「夜勤明けはなかなか寝つけない」「日勤に戻ると数日は体がだるい」。シフト勤務や夜勤を続けていると、こうした感覚を抱えている方は少なくありません。結論から言えば、これは意志や体力の問題ではなく、体内時計と実際の勤務時間が慢性的にずれることで起こりやすい体の反応と考えられています。この記事では、概日リズムが乱れる仕組みと、代謝・睡眠・メンタルへの影響、そして「夜勤をやめる」以外の現実的な対策までを順に整理します。
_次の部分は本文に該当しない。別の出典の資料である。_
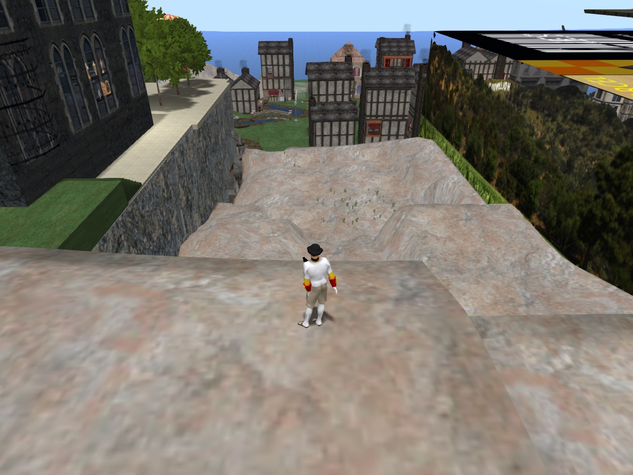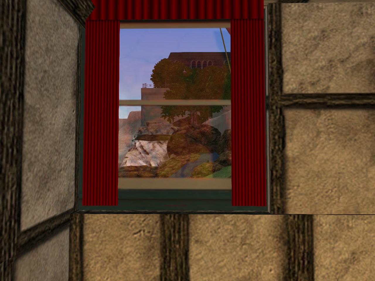 Okay, more curiousities here (!). The sculture is actually positioned right on the line between Mysten to the west and Goremoor to the east. Exactly 1/2 lies in each; this had to be done on purpose. And when Baker Bloch touched the shiny object to see what would happen, he found an object inside called “Diana The Huntress”, another sculpture and one that had existed in Collagesity in both its Noru and Rubi incarnations. He promptly rezzed and positioned it inside Spongeberg’s Magic 12×12, “collaging it in” at a most logical spot: directly behind the ladder leading up to The Snug. All this seems most peculiar. Curiouser and curiouser I might even add.
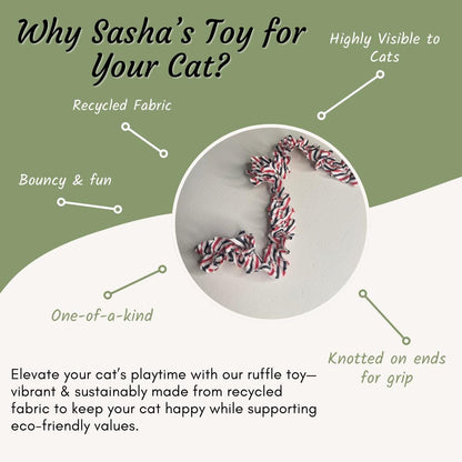 Bring endless joy to your cat with our Ruffle Toy, a bouncy, engaging toy designed to spark your cat’s natural instincts for play and exploration. Made with care and attention to what cats like, this ruffle strip toy combines vibrant colors, a fun texture, and an irresistible springy movement. As a bonus - it is crafted from recycled fabric that would otherwise go to waste!
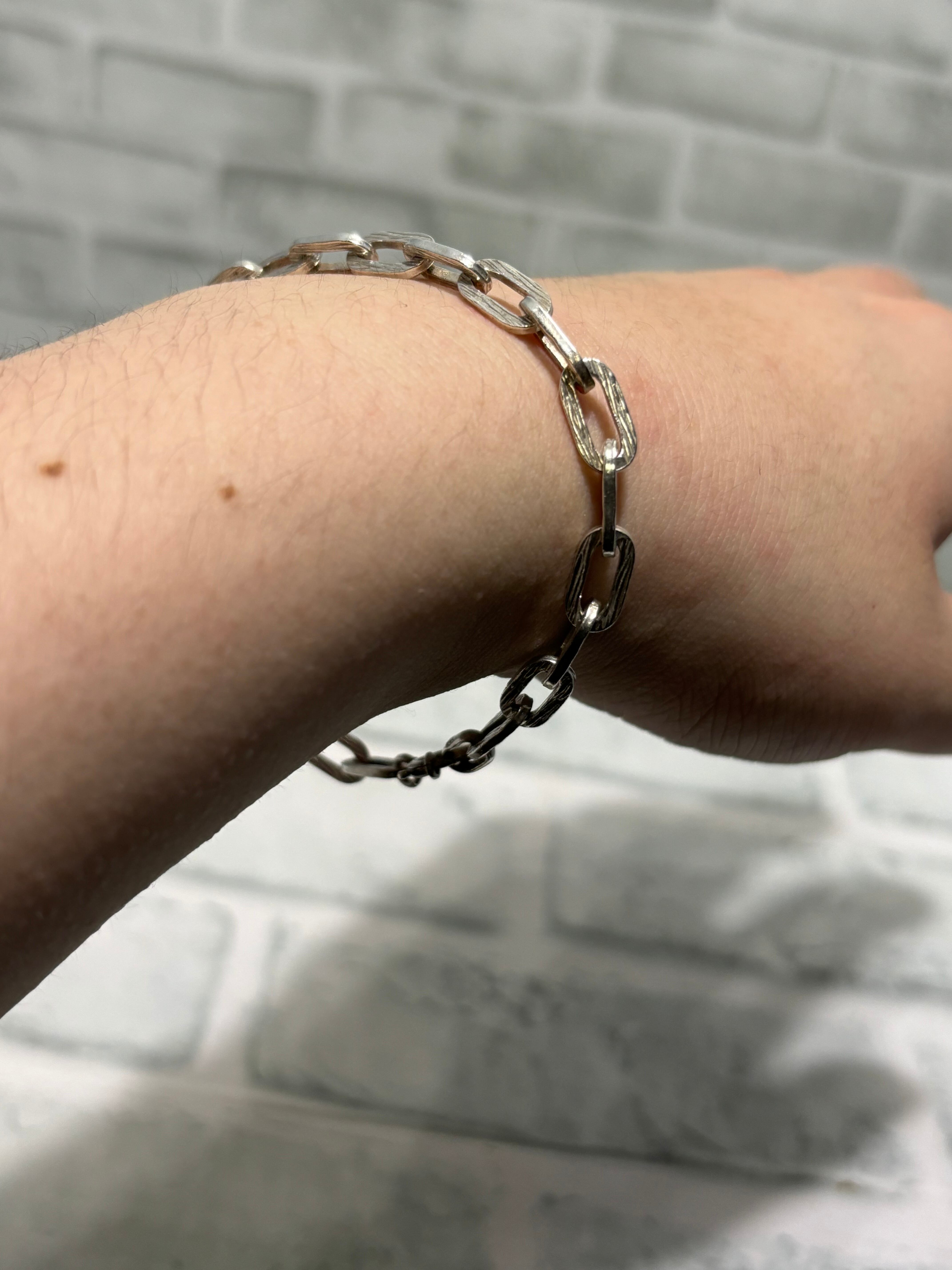 横長のリンクチェーンデザインが特徴的なエリプスチェーンを採用したブレスレット。木目を思わせる装飾が施されたデザイン性の高いアイテムです。

本記事では、シフト勤務・夜勤の体調管理について以下のポイントを中心に解説します。

ぜひ最後までお読みください。

シフト勤務・夜勤で体調を崩しやすいのはなぜか

原因は、体内時計が示す時刻と、実際に働く・眠る時刻が一致しないことにあります。私たちの体には約1日周期のリズムを刻む体内時計があり、体温やホルモン分泌、睡眠と覚醒の切り替えなどを調整しています。

通常はこの体内時計が、朝の光や規則的な生活によって24時間周期に同調しています。ところが交代勤務では、深夜に働き昼間に眠るという生活が続くため、体内時計と実際の生活リズムがずれやすくなります。

夜勤で体調を崩しやすいのは、意志の弱さではなく、体内時計と勤務時間のズレという「仕組み」の問題です。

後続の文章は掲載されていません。